6月2〜4日に開催された、世界最大級のゲーム展示会・E3(Electronics Entertainment Expo)2009は、大盛況のうちに終了しました。
各陣営から、さまざまなソフトの発表があり、ゲームファンを喜ばせたのですが、ゲームビシネスの視点から見るならば、もっとも大事なポイントは、以下のひとことに要約できます。
「ゲームビジネスは、5年〜5年半で次世代機を準備するサイクルから、ついに脱却します!」
そうなのです。言葉にして明言されたわけではないのですが、今年のE3では、マイクロソフトにも(そして任天堂やソニー・コンピュータエンタテイメント=SCE=からも)、次のゲーム機を予感させる気配は、欠片(かけら)もなかった。それどころか、2〜3年先のビジョンすら見せてきました。このことこそが、じつは最大の注目ポイントなのですね。
これまでのゲームの歴史を振り返ると、5〜5年半のサイクルで、次世代の据え置きゲーム機が発売されてきています。すると、たとえばXbox 360は2005年12月に発売されたマシンですから、本来ならば2010年末〜2011年夏あたりに新マシンを登場させる気配が漂っても、なんらおかしくないはずなんですね。
にもかかわらず、各陣営ともに「現行機のままでも、いまなお新鮮な体験を提供できますよ!」「2〜3年後には、こんなに素敵なことができますよ」と強くアピールしました。そしてユーザーに「まだまだ長いこと楽しめそうだなぁ」という予感を与えることに成功したのです。
ハードの発売直後ならばともかく、それ以外のタイミングで開催されたE3が、このような空気に包まれるのは、きわめて珍しいことなんですね。
さらに進化するモーション・コントロール
こうした動きの原動力は、各陣営が「モーション・コントロール」という技術に、積極的に取り組んできたからでしょう。それが、今年のE3の空気を大きく変えました。

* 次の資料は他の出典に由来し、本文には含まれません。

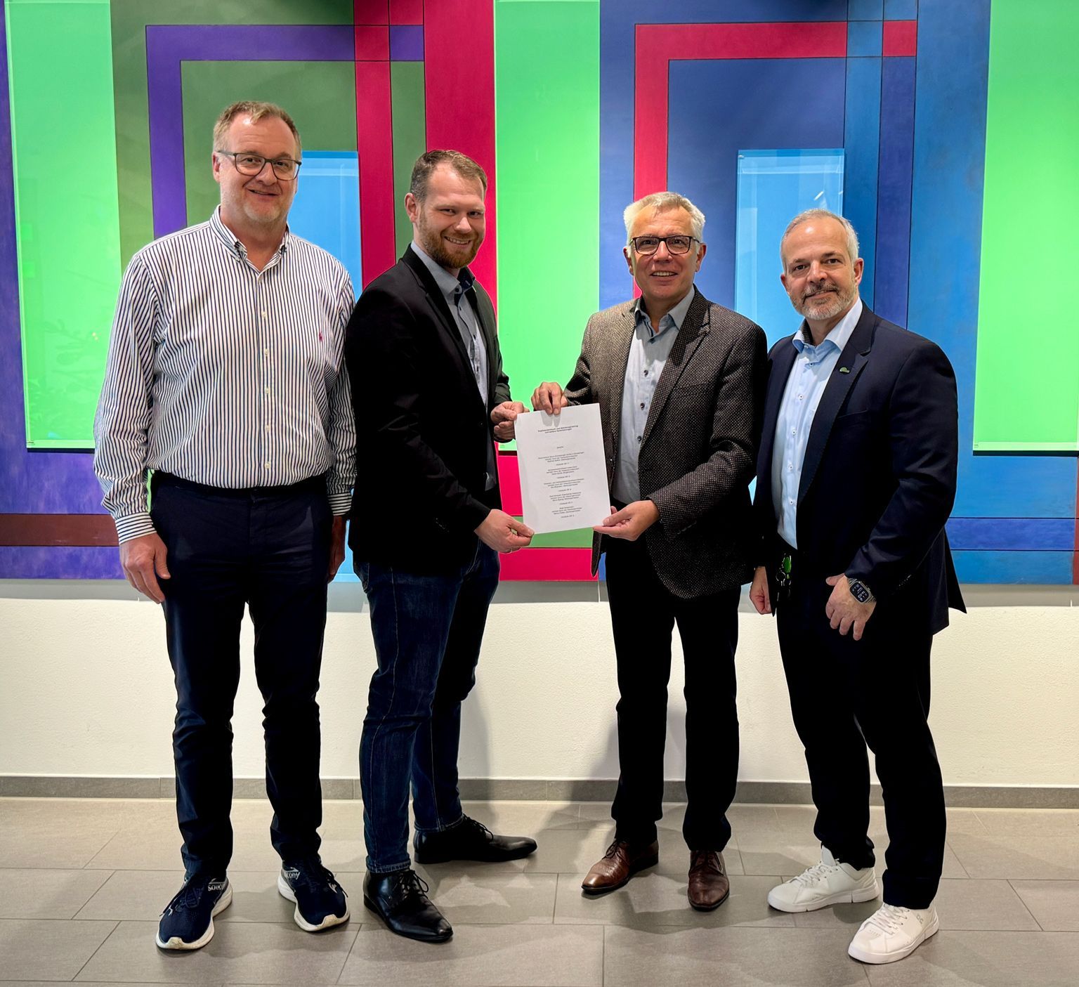 Georg Eicker, Geschäftsführer AVR UmweltService GmbH, Thorsten Sienholz, Verbandsvorsitzender AZV Elz-Neckar, Stefan Dallinger, Landrat Rhein-Neckar-Kreis, Thomas Brümmer, Geschäftsführer AVR UmweltService Verwaltungs GmbH
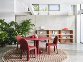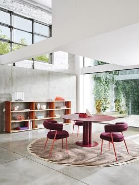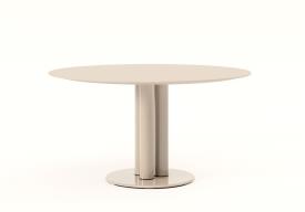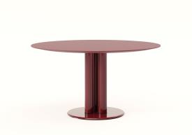 Table. Piètement et pieds en acier verni poli, coloris talc, chanvre, algues, amarante et expresso, associés à des plateaux en MDF laqué mat ou brillant dans les mêmes coloris.

これは読んで字のとおり、ゲームを動き(=モーション)で操作(=コントロール)する技術のこと。わかりやすくいってしまえば、任天堂がWiiリモコンで実現した技術のことです。ボタンで操作するのではなく、体の動きによってゲームを操作する仕組みのことですね。

この分野で先頭を走っているのは、もちろん任天堂です。
「Wii モーションプラス」という周辺機器を発表し、すぐさま発売することを決定。これはWiiリモコンにつけることで、より繊細な操作が可能になるという機器です。対応ソフトとして、全世界4000万本ヒットとなった前作を引き継いだ「Wii Sports Resort」をお披露目してきたのです。
任天堂は、それ以外にも「Wii Fit Plus」「スーパーマリオギャラクシー2」「NEWスーパーマリオブラザーズWii」など、全世界で1000万本セールスが見込めるタイトルをズラリとそろえてきました。ゲームビジネスを考えるならば、これはたぶん、E3史上で最強のソフトラインナップだったのではないでしょうか。